8 Pod datą 12 lutego ub. roku ukazał się również na ten temat artykuł, w którym mówi się o tym, że świadkowie Jehowy nie podzielają strachu świata przed ateizmem. Słuchają słów Jezusa Chrystusa w Mateusza 10:28 (NW), które on skierował do swych apostołów, gdy ich wysłał, aby kazali Królestwo Boże: „Nie bójcie się tych, którzy zabijają ciało, ale nie mogą zabić duszy, ale raczej bójcie się tego, który może zarówno duszę jak i ciało zniszczyć w Gehennie”. W wyniku tego imię Jehowy i Królestwo Boże obwieszczane są nawet w krajach ateistycznych. Strach, którym przejmuje działalność świadków Jehowy nie jest jednak bojaźnią zbawienną, gdyż wypływa z samolubnych motywów. Jest to strach nacechowany nienawiścią względem imienia Bożego. Taki strach prowadzi do zniszczenia w wojnie wielkiego dnia Boga Wszechmocnego!

ZBAWIENNA BOJAŹŃ

9, 10. (a) Co Jehowa obiecał uczynić „ludowi dla swego imienia” i odkąd wypełnia się ta obietnica? (b) Jak przepowiedział to Jehowa według Jeremiasza 33:7-9?

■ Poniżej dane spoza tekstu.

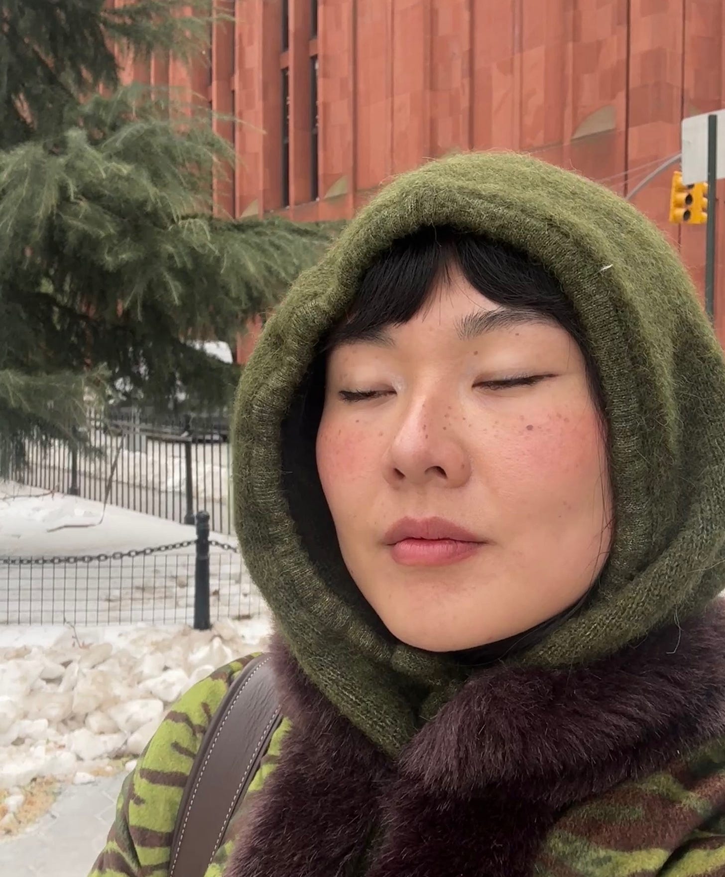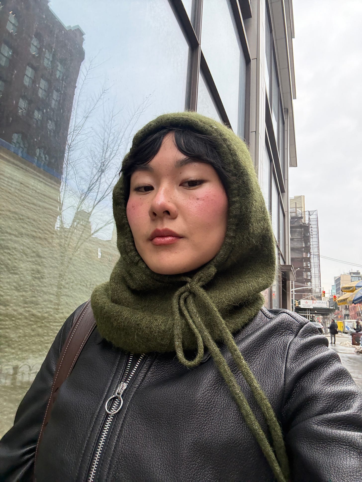 Next, they tried on the moss green wool snood that kept my head warm in New York. That was a keeper too. I think this design is ideal for people with bangs because it minimally presses down on them, unlike a beanie. I hate beanies. I also like how you can tuck it into a coat collar, or let it layer over (pictured below).

9 Lecz wśród narodów wywołana zostaje bojaźń nie tylko przed imieniem, które jest wzywane nad ostatkiem oddanych Bogu namaszczonych Jego duchem naśladowców Chrystusa. Jehowa obiecał uczynić imię nie tylko sobie samemu, lecz też swojej widzialnej organizacji na ziemi, swemu namaszczonemu „ludowi dla jego imienia”. Ta obietnica spełnia się szczególnie od roku 1919. W tym roku członkowie namaszczonego ostatka wyzwoleni zostali z niewoli, do której się dostali w pierwszej wojnie światowej i zaczęli nieustraszenie ogłaszać imię Boże i Jego mesjańskie królestwo. Ich wyzwolenie z uciemiężającej mocy chrześcijaństwa nastąpiło przez moc Boga, któremu byli zupełnie oddani. Przed erą chrześcijańską świadkowie Jehowy, „lud dla Jego imienia”, przedstawiony był przez Judeę i Izraela. Do swego dzisiejszego ludu zwraca się Bóg również tym imieniem, mówiąc:

10 „Przywrócę pojmanych w Judei i pojmanych z Izraela, a pobuduję ich jako przedtem; i oczyszczę ich od wszelkiej nieprawości ich, którą zgrzeszyli przeciwko mnie, i przepuszczę wszystkim złościom ich, którymi zgrzeszyli przeciwko mnie, i którymi wystąpili przeciwko mnie. A będzie mi to sławą, weselem, chwałą i ozdobą przed wszystkimi narodami ziemi, które usłyszą o wszystkim dobrem, które Ja im uczynię i ulękną się, a zatrwożą się nad wszystkim dobrem i nad wszystkim pokojem, który Ja im sposobię.” — Jer. 33:7-9.

11. (a) Jakie moce starały się unicestwić ich osiągnięcia od roku 1919 i z jakim rezultatem? (b) Na kogo te postępy, osiągnięte w dziedzinie duchowej, rzucają korzystne światło i co miało być według Sofoniasza 3:19, 20 skutkiem tego?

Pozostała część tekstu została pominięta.